@Felthry an artist performing another artist's song
@noiob is this an unusual enough thing that it needs a distinct name for it??
@Felthry why would it need to be unusual to be named?
@noiob I don't know, it's just like
the way we look at it, a performance of a piece by its composer is the more uncommon event, the performance by someone else ought to be considered the default, or something
@Felthry no, not like that
if someone writes a song for me and I perform it (as in I'm the original performer), it's not a cover, but if you then perform said song it's a cover
@noiob that's strange
since when are songs written for a specific performer
@Felthry well, most bands write their own songs, for starters, or the producing company has songwriters write songs for them
@Felthry it's very much a pop music thing, it's not called a cover if someone plays a Bach piece
@noiob I don't understand pop music
@Felthry well that won't help with understanding pop-music-specific phenomena
@Felthry but, like, most people who write music also play said music? I don't think that's a strange thing
pop musicians then sell recordings said music to be played on the radio/ sold on CDs/ whatever happens nowadays
@Felthry a big part of pop music is also live performances of said musicians
note that pop music especially in its roots didn't necessarily include writing down notes, a big part of stuff like blues or rock is "jamming", just sitting down to play whatever comes to mind
@noiob I guess we've just never known this stuff because we actively avoid pop music
vocals in music make us very uncomfortable so everything we listen to is either soundtrack music or classical music, pretty much
@Felthry there's instrumental pop music! Most jazz is instrumental. I'd classify a lot of soundtracks as pop music, too
@noiob I don't know what it is then
like, our entire conception of music is rooted in it being something that one person writes and many different people play, not something that one person writes and one person plays and then other people play but their performances are branded as lesser by the term "cover"

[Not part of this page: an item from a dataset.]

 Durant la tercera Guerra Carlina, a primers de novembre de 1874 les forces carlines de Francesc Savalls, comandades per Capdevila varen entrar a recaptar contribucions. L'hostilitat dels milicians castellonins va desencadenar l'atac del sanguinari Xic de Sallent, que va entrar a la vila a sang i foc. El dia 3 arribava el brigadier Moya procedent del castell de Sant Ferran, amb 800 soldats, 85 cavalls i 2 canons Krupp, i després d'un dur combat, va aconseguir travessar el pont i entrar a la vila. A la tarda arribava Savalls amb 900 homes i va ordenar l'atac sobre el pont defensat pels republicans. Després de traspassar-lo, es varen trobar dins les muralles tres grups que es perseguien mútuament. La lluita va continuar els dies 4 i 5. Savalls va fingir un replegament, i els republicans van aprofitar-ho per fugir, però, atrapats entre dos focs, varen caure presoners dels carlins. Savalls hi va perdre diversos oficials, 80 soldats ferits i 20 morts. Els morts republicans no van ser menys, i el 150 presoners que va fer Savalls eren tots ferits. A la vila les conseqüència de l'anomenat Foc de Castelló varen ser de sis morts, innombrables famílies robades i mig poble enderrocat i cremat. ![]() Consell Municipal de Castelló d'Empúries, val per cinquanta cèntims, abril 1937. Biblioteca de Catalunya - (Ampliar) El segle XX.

@starkatt @Felthry yeah, and "Hurt" is an amazing example of that, Johnny Cash sings that song as if he specifically wrote it for himself, while only having changed one word of the lyrics (and don't get me wrong, I like his version, too, but I can identify a lot more with the NiN version)

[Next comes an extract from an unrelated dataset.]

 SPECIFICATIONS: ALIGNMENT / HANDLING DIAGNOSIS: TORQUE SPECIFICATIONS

another great example of an often-covered song is "Hallelujah" but honestly for me it's Cohen's voice that makes the original and every cover is just so plain in comparison
@Felthry @noiob
OKAY so technically this is a re-arrangement and not a cover but pop covers very frequently change all of the instrumentation so I don't think this is totally off-limits? And I love the example.

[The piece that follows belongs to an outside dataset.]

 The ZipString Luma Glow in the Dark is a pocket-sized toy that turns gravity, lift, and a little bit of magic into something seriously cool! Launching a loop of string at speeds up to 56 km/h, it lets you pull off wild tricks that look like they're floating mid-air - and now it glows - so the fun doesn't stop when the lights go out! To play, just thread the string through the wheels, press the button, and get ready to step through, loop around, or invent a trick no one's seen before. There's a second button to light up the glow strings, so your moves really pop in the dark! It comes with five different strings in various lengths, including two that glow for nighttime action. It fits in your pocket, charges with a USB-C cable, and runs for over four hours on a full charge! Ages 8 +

Milky Way from the soundtrack to the game FTL [2:40]
https://www.youtube.com/watch?v=3BWs9rV4T2I
Piano arrangement (start at 2:58)
https://brentkennedy.bandcamp.com/track/ftl-themes-ben-prunty
@Felthry @noiob Also here's an entire-ass playlist of covers of Wintergatan's instrumental Marble Machine.
https://www.youtube.com/playlist?list=PLLLYkE3G1HECSsIy4IBqUVyJ76Q4oaA97
@noiob @Felthry The best covers are ones that understand what it is awesome about the original and preserves it, while being willing to modify everything else to make their own artistic statement. If someone does a cover version that's exactly the same as the original but with different performers it's kind of pointless since recorded music is a thing. But covers that take a song and bring it to a place that is completely different from the original can be a thing of beauty.